- [Material to process]:

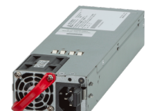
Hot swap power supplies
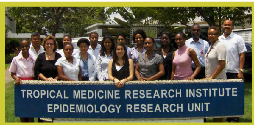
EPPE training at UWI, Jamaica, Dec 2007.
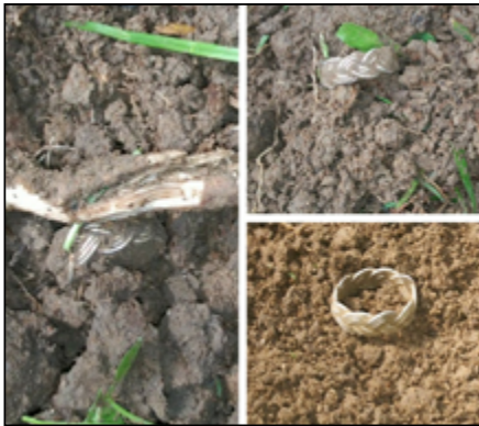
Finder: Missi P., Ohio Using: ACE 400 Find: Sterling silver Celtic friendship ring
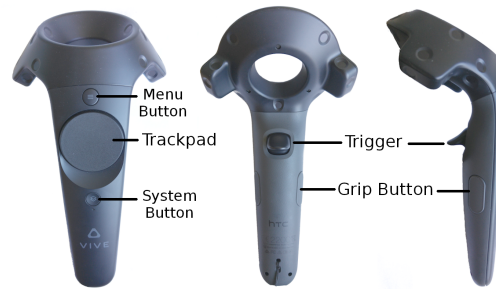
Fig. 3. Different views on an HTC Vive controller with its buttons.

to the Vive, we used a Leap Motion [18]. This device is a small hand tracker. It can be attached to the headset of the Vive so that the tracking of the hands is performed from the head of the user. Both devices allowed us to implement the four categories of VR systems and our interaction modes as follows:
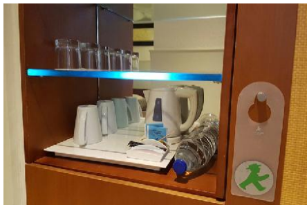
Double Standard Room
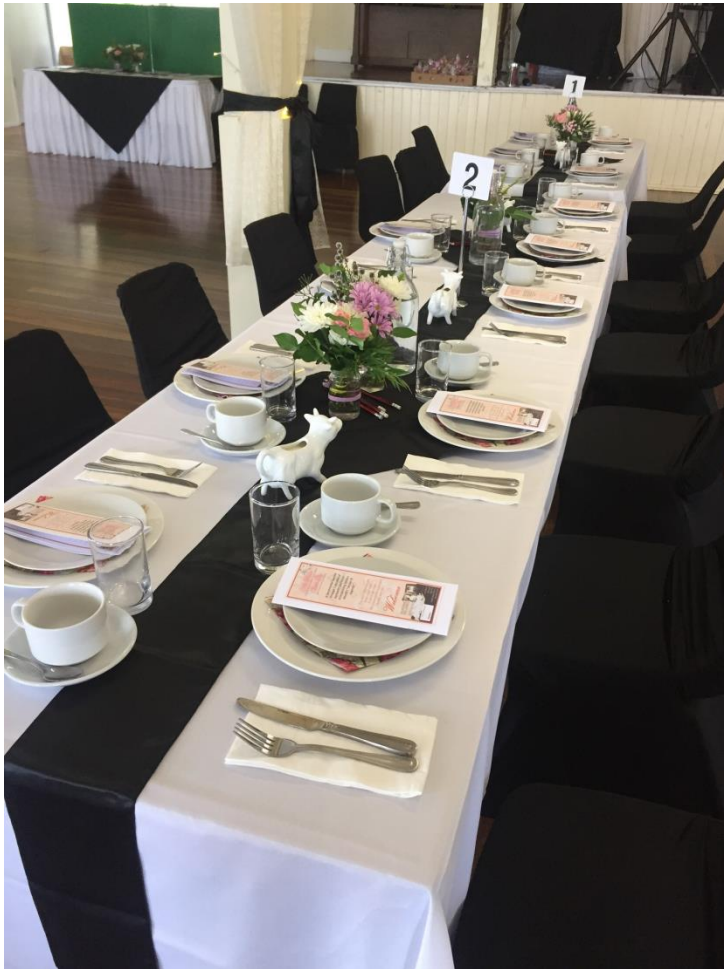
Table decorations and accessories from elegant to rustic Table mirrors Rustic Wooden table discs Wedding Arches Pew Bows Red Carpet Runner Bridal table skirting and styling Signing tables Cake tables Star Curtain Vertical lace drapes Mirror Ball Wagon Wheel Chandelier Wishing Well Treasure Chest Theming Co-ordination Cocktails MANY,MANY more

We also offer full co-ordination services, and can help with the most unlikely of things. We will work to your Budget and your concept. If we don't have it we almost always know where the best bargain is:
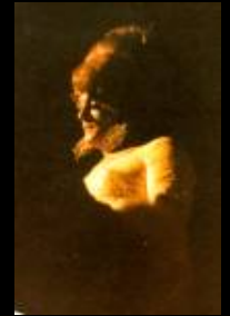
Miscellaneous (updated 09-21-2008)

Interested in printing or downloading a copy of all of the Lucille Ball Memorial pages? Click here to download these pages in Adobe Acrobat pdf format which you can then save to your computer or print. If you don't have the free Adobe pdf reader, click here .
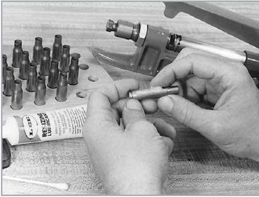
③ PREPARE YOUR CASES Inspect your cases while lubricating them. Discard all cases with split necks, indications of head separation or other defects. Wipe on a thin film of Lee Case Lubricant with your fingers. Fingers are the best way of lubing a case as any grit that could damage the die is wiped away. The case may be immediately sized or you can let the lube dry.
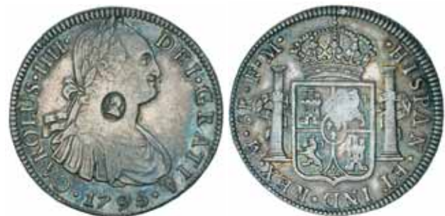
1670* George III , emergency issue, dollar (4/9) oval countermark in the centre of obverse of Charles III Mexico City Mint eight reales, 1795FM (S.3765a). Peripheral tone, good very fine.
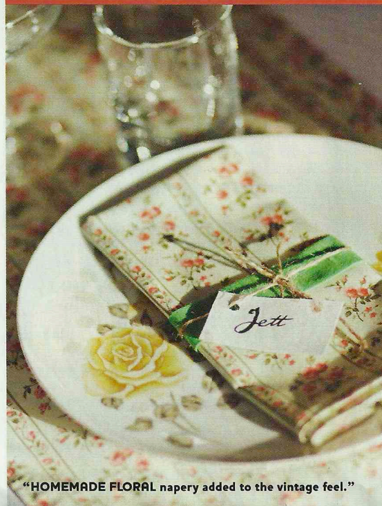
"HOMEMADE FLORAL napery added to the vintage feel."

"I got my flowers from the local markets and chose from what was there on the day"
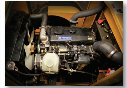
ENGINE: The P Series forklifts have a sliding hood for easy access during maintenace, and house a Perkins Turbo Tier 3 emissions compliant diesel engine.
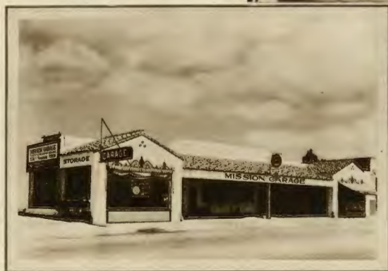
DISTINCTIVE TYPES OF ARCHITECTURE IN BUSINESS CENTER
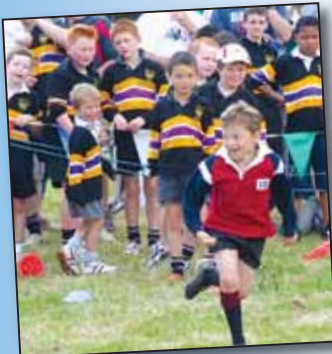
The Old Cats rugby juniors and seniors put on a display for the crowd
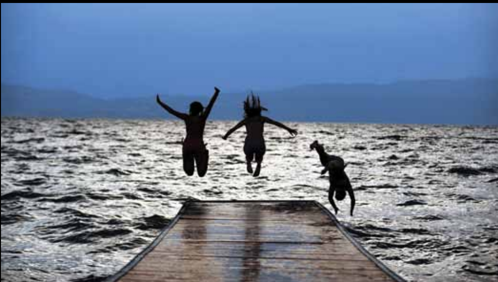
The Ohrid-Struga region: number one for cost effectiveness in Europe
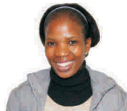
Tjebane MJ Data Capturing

==

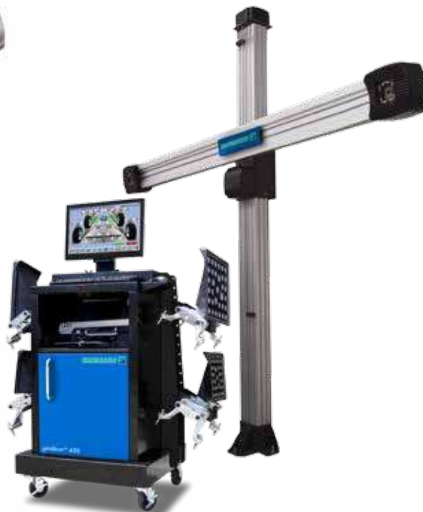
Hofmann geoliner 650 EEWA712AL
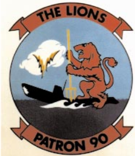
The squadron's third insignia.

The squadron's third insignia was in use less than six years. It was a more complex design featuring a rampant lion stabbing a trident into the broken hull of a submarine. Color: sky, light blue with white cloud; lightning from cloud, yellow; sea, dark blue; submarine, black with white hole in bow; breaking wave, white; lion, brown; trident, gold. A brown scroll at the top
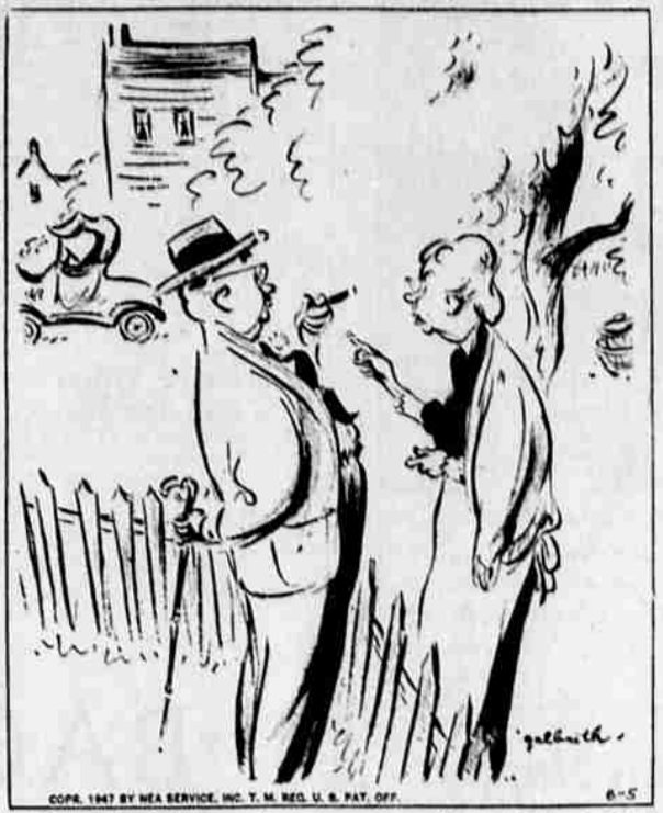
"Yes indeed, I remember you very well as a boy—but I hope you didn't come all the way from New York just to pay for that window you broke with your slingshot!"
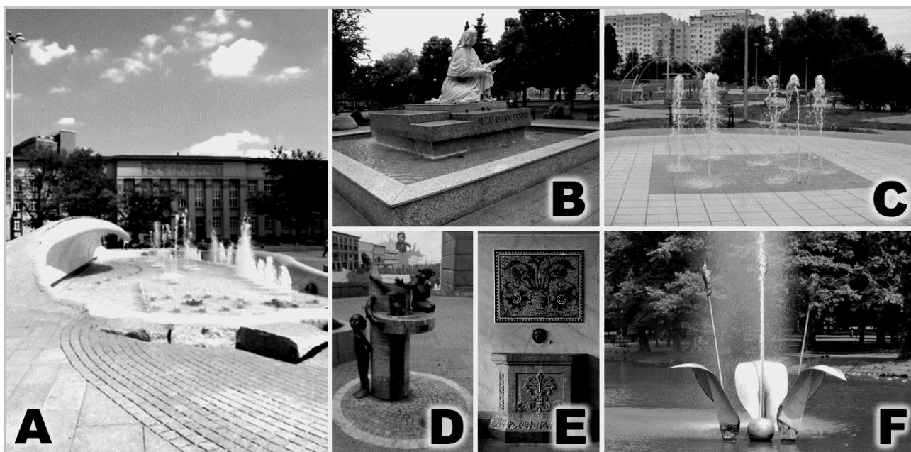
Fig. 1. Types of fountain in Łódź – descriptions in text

- [Problem statement]:
Copy the entries above exactly, but only the stretch from the line containing "DISTINCTIVE TYPES OF" through the line containing "Tjebane MJ Data Capturing". Keep both end lines; drop the pictures.

- [Answer section]:
DISTINCTIVE TYPES OF ARCHITECTURE IN BUSINESS CENTER
The Old Cats rugby juniors and seniors put on a display for the crowd
The Ohrid-Struga region: number one for cost effectiveness in Europe
Tjebane MJ Data Capturing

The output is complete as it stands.